TADsplimer - a pipeline for analyzing TAD splitting and merging

Introduction

This pipeline is designed for automated end-to-end analyzing TAD splitting and merging.

If you have any questions or issues, you can ask in "Issues" of this Git or send email to [email protected] or [email protected].
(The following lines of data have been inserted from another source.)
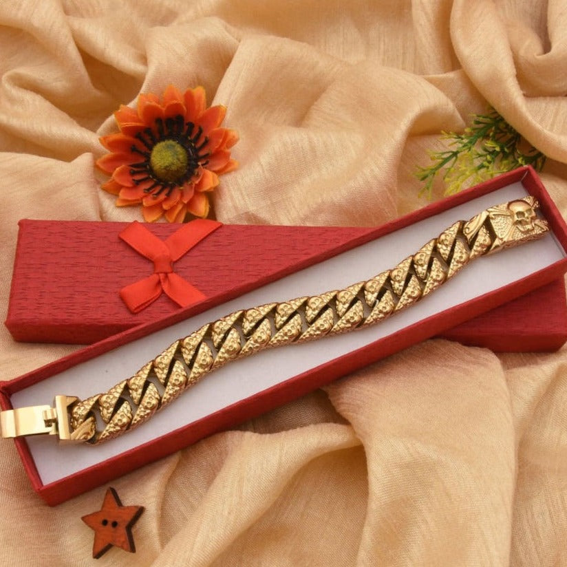 Skull Stunning Design Superior Quality Golden Color Bracelet for Men - Style B952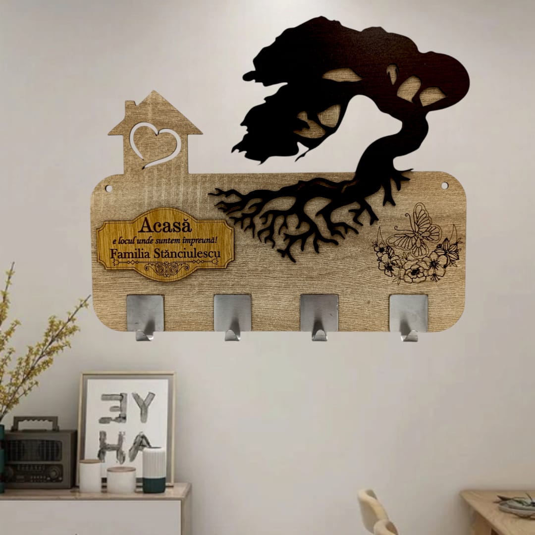 Cadou personalizat, blank cuier decorativ cu bonsai pentru perete cu mesaj standard "Acasa e locul unde suntem impreuna!"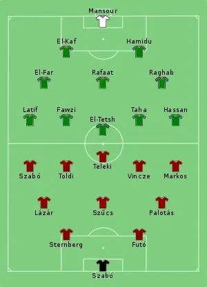 Hungary scored twice in 31 minutes. Rather than being disheartened, Egypt showed a positive attitude and leveled with two goals from Abdulrahman Fawzi. In the second half, Hungary played better and dictated the tempo, scoring two more goals and deserving to reach the quarter-finals.[2]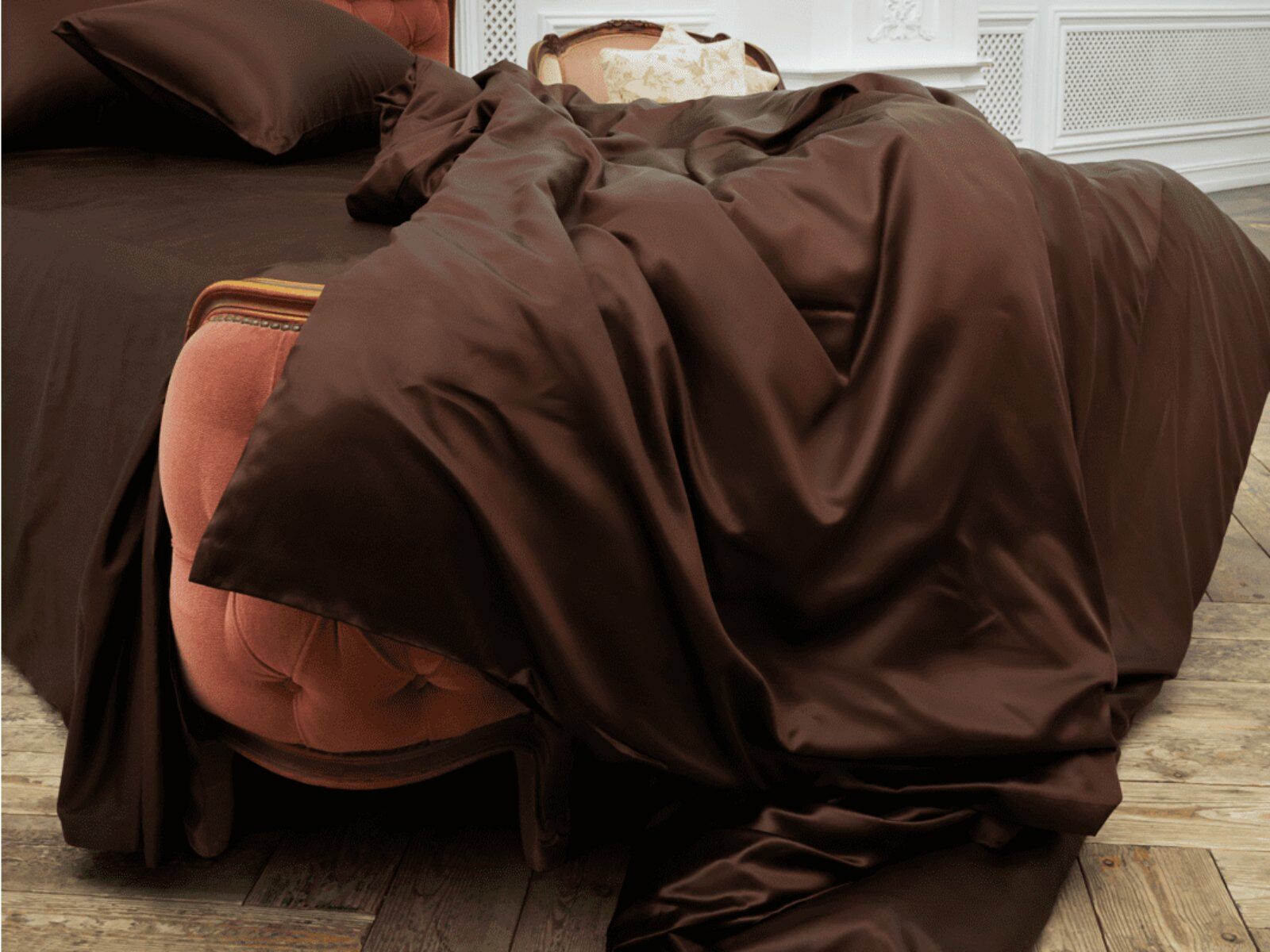 * Шелковое постельное белье, при длительном тактильном контакте, когда аминокислоты и белки, входящие в состав натурального шелка, оказывают благотворное воздействие на кожные покровы и волосы человека, станет настоящим подарком Вашему здоровью.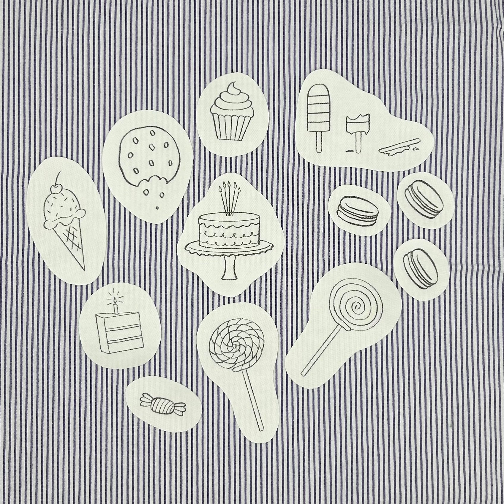 Bring a little sugar to your stitching... Our Sweet Tooth pack includes 12 original, hand-drawn designs full of candy shop charm. Just stick the water-soluble fabric to your project, stitch as usual, and rinse away when you’re done. No tracing and no guesswork—just sweet, simple magic.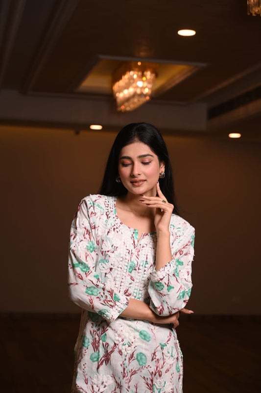 Majenta Exclusive Lucknow Chikankari Cotton Kurti & Pant Co-ord Set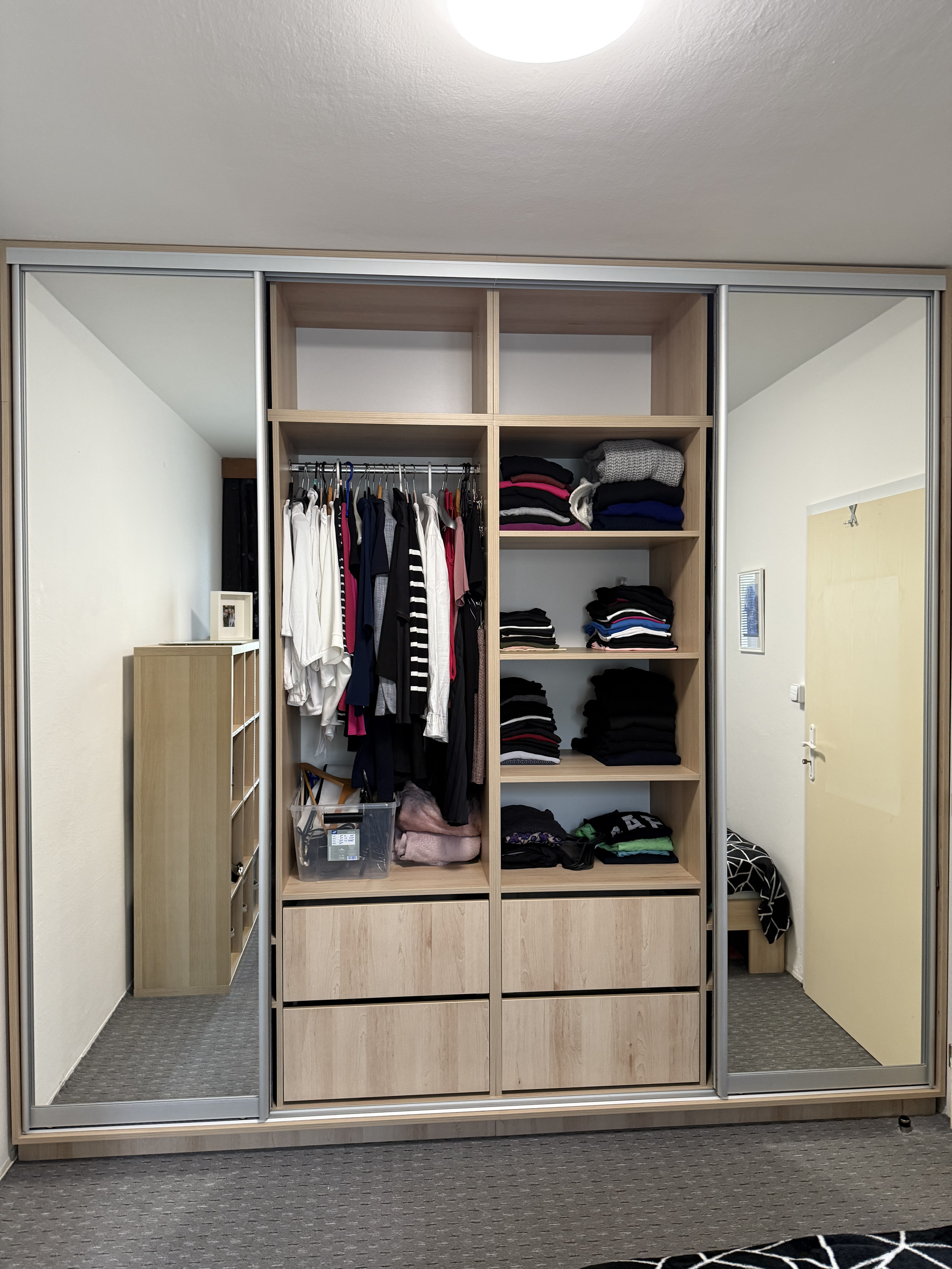 Plná výška • šatní tyče a zásuvky • přehledná organizace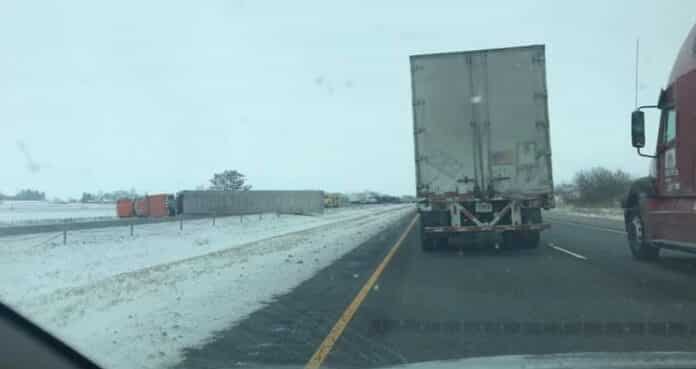 COLUMBUS, Ind. — First responders are reporting that a semi has overturned in the northbound lanes of I-65 at the 81 mile marker, blocking traffic.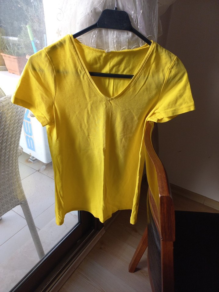 Sarı renkli, V yakalı ve kısa kollu kadın tişörtü. Düz kesimli, normal midi boyunda ve rahat sentetik kumaştan üretilmiştir. Günlük kullanıma uygundur. hiç bir kusuru yoktur.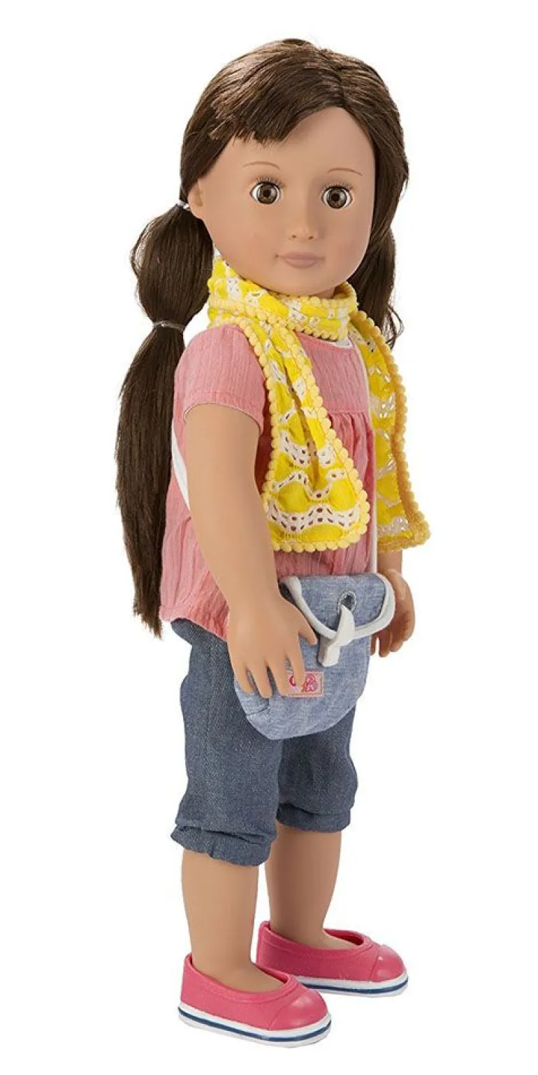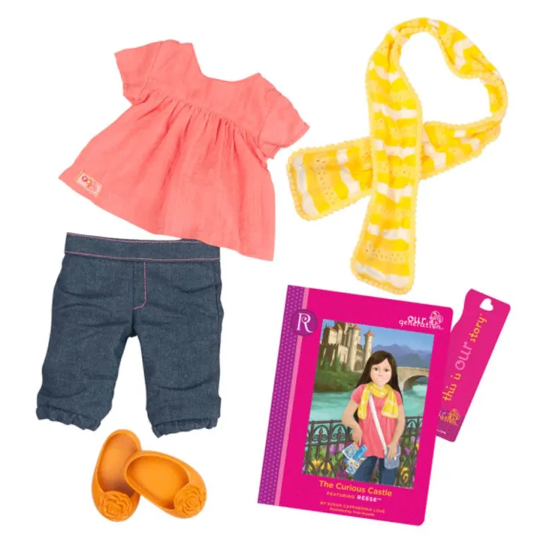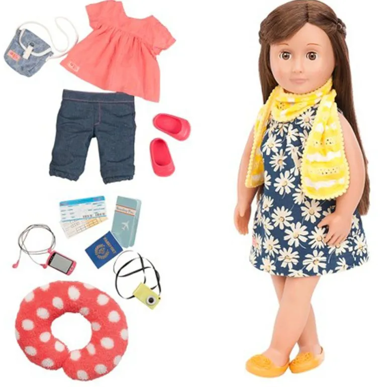 Møt Reese! En av de utrolig flotte Our Generation dukkene. Reese elsker å reise, og med i vesken har hun alt hun trenger til turen. Pass, kamera, boarding pass, mobil og mye mer. Alle Our Generation dukkene er 46 cm høye, så alle klærne og tilbehøret passer til alle dukkene. Our Generation dukker og tilbehør er laget av materialer som er nøye valgt. I tillegg er all emballasje miljøvennlig. Passer fra 3 år+

Required packages for executing TADsplimer

When executing TADsplimer, user should install following packages / libraries in the system:

R environment (we have used 3.4.1)
Python version 3.5.5
The R packages: bcp, cluster, mass, essentials, spatstat, hicrep, changepoint, optparse
The python packages: numpy, cv2, PIL, scipy, imagehash

User should include the PATH of above mentioned libraries / packages inside their SYSTEM PATH variable.

Installation

The docker can be directly downloaded from dockerhub (https://hub.docker.com/r/guangywang/tadsplimer) with the following command.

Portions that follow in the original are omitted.